La apretujada urbe tapatía quedó mal oliente. El aire contaminado irritó los ánimos, desestabilizó sistemas nerviosos y truncó los planes del día. ¿Llevar los hijos a la escuela? No, porque se les exponía, consideraron preocupados padres de familia. ¿Acudir al trabajo? Sí, de manera forzada; los patrones no perdonan y chantajean con descuentos salariales. ¿Salir a caminar o ejercitarse al parque? No, la Secretaría de Salud recomendó nada de actividades al aire libre; los pulmones pueden no resistir. ¿Las autoridades educativas estatales suspendieron clases? Increíblemente no, a pesar de la grave crisis ambiental; expusieron a los estudiantes.
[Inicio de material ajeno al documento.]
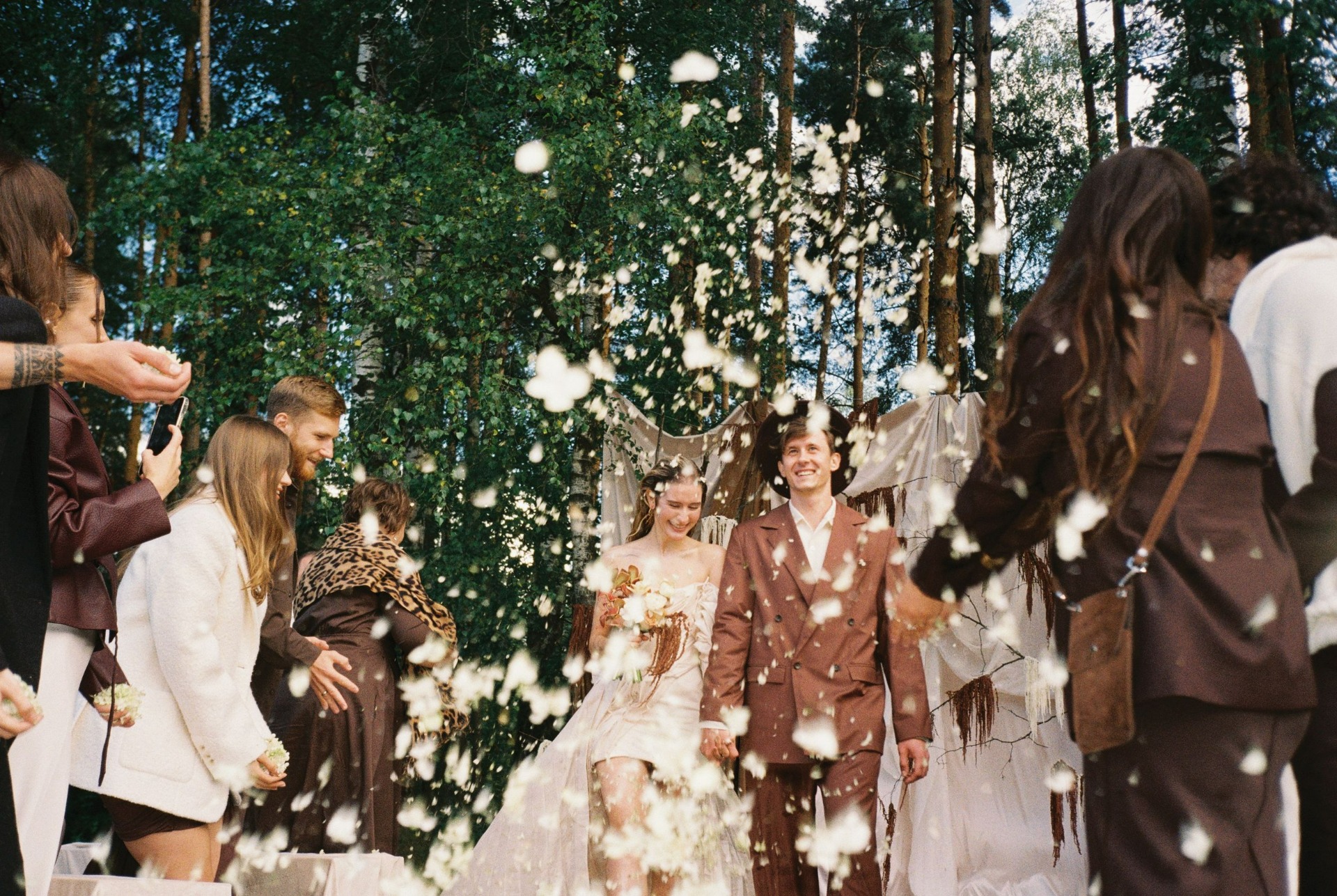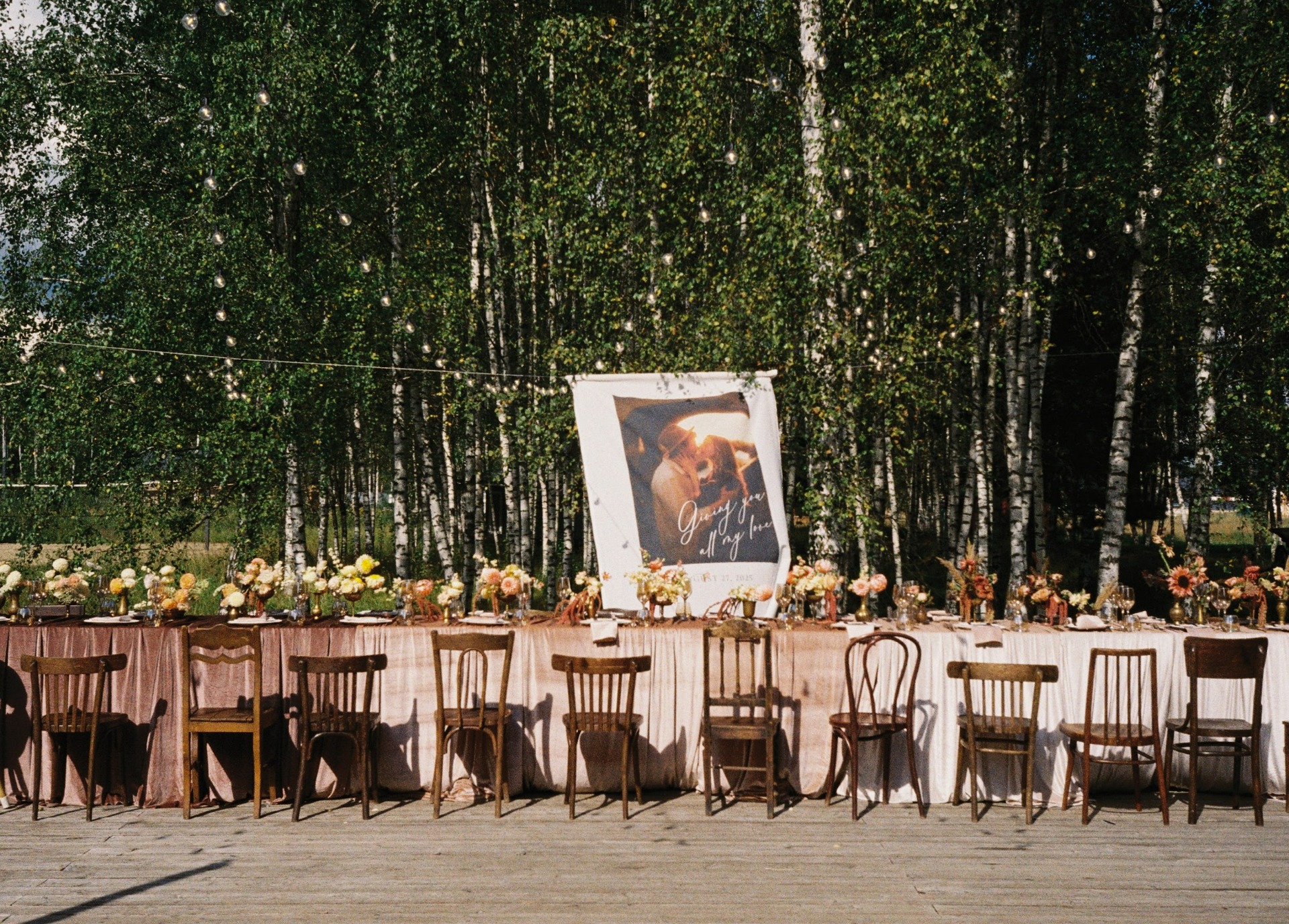 Мы хотели свадьбу на открытом воздухе без помпезности и вычурности. Только мы, наши самые близкие, объятия и танцы.

Salvo algunas prepas y escuelas, la mayoría de los alumnos debieron soportar las pésimas condiciones del aire.

La Secretaría del Medio Ambiente y Desarrollo Territorial declaró la alerta atmosférica en Guadalajara, Zapopan y Tala desde las 19 horas del lunes. El humo avanzó y a media noche la calidad del aire era “muy mala”, sobre todo en el sur metropolitano. Después siguió catalogada como “mala”. Con equipo de monitoreo ambiental insuficiente y también escasa difusión de los indicadores y recomendaciones, a los habitantes no les quedó más que fiarse de su rastreador: la nariz.

Las escenas me remontaron a lo que nos decía a los reporteros el jefe de los bomberos tapatíos, el mayor José Trinidad López Rivas, cuando ocurrieron las explosiones del 22 de abril de 1992, que recién cumplieron 31 años. ¿Tienen equipo para monitorear la explosividad en los drenajes? Sí, respondió el mayor, señalando con el índice su nariz. En esos años los valientes bomberos, tres de los cuales fallecieron en la tragedia, carecían de la tecnología. Ahora, los valientes son los cientos de integrantes de las brigadas apaga fuegos. ¿Tienen equipo, entrenamiento y prestaciones?

Los medios informativos estuvieron desde temprana hora atentos a lo que sucedía. Cumplieron su labor noticiosa, social, responsable, que implica dar a conocer lo que ocurría, dónde, cómo y por qué; entrevistaron en vivo a funcionarios, remarcaron medidas preventivas. Las redes sociales se atiborraron de quejas, críticas, dudas, ironías, recomendaciones, cual calderos de emociones y puntillosos mensajes.

Más de dos años de usanza del cubrebocas por la pandemia de Covid-19 dejaron algo bueno: acostumbrarse a usarlos para otros males, ahora como paliativo para la contaminación ambiental; para tapar boca y nariz, en un mero intento de atrapar minúsculas partículas poco o nada visibles. El look urbano en cada periodo de estiaje e incendios forestales incluye, desde ya, el uso de mascarillas antipandemia.

El derecho humano a una mejor calidad de vida se viene abajo cuando lo elemental, respirar un aire de calidad, no está garantizado. No asegurar un derecho es intranquilizar a la población. Los incendios forestales también queman a las autoridades de los tres niveles. No solo se pudre el aire metropolitano; también la credibilidad en la eficiencia gubernamental.